> **EXERCISE**
The reply must contain exactly the lines below from the one with "Your pup can" down to the one with "Photonics,以及 3D 打印機供應", both included, and nothing more; please omit the pictures.

> **INFORMATION SUPPLIED**
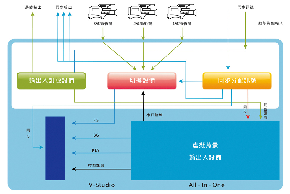 V-Studio 系統是 3D 虛擬佈景系統,即:系統中包含傳動感應追蹤系統;廣播系統根據傳動感應參數通過高速圖形加速系統產生背景圖像;最後前後景即時地合成並輸出。
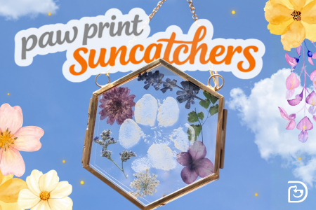 Your pup can create a mini enchanted forest of their own with our paw-print suncatcher craft! Our Dogtopia team will help your dog create a paw print masterpiece surrounded by dried flowers, framed, and ready to hang in your window at home!
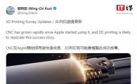 跟蹤蘋(píng)果產(chǎn)業(yè)鏈多年的分析師郭明錤今日發(fā)布報告指出,CNC(數控機床)在蘋(píng)果開(kāi)始采用后快速成長(cháng),3D 打印有可能會(huì )復制此成功故事。關(guān)鍵供應商為激光零部件的 IPG Photonics,以及 3D 打印機供應
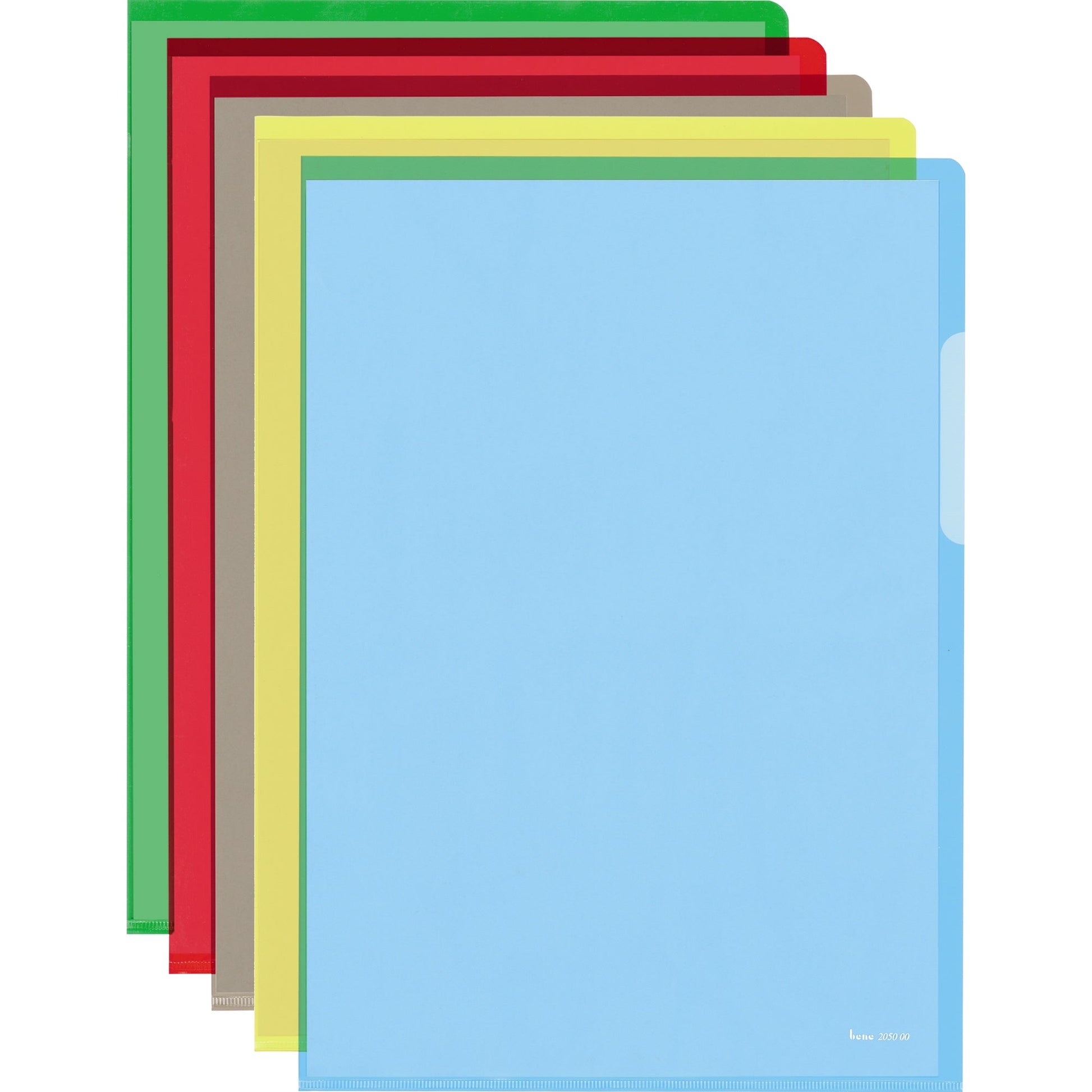 Bezeichnung: Bene Sichthülle DIN A4 150µm oben, rechts offen dokumentenecht PVC-Hartfolie farbig sortiert glänzend 100 St./Pack.

> **ANSWER FOR THIS EXERCISE**
 Your pup can create a mini enchanted forest of their own with our paw-print suncatcher craft! Our Dogtopia team will help your dog create a paw print masterpiece surrounded by dried flowers, framed, and ready to hang in your window at home!
 跟蹤蘋(píng)果產(chǎn)業(yè)鏈多年的分析師郭明錤今日發(fā)布報告指出,CNC(數控機床)在蘋(píng)果開(kāi)始采用后快速成長(cháng),3D 打印有可能會(huì )復制此成功故事。關(guān)鍵供應商為激光零部件的 IPG Photonics,以及 3D 打印機供應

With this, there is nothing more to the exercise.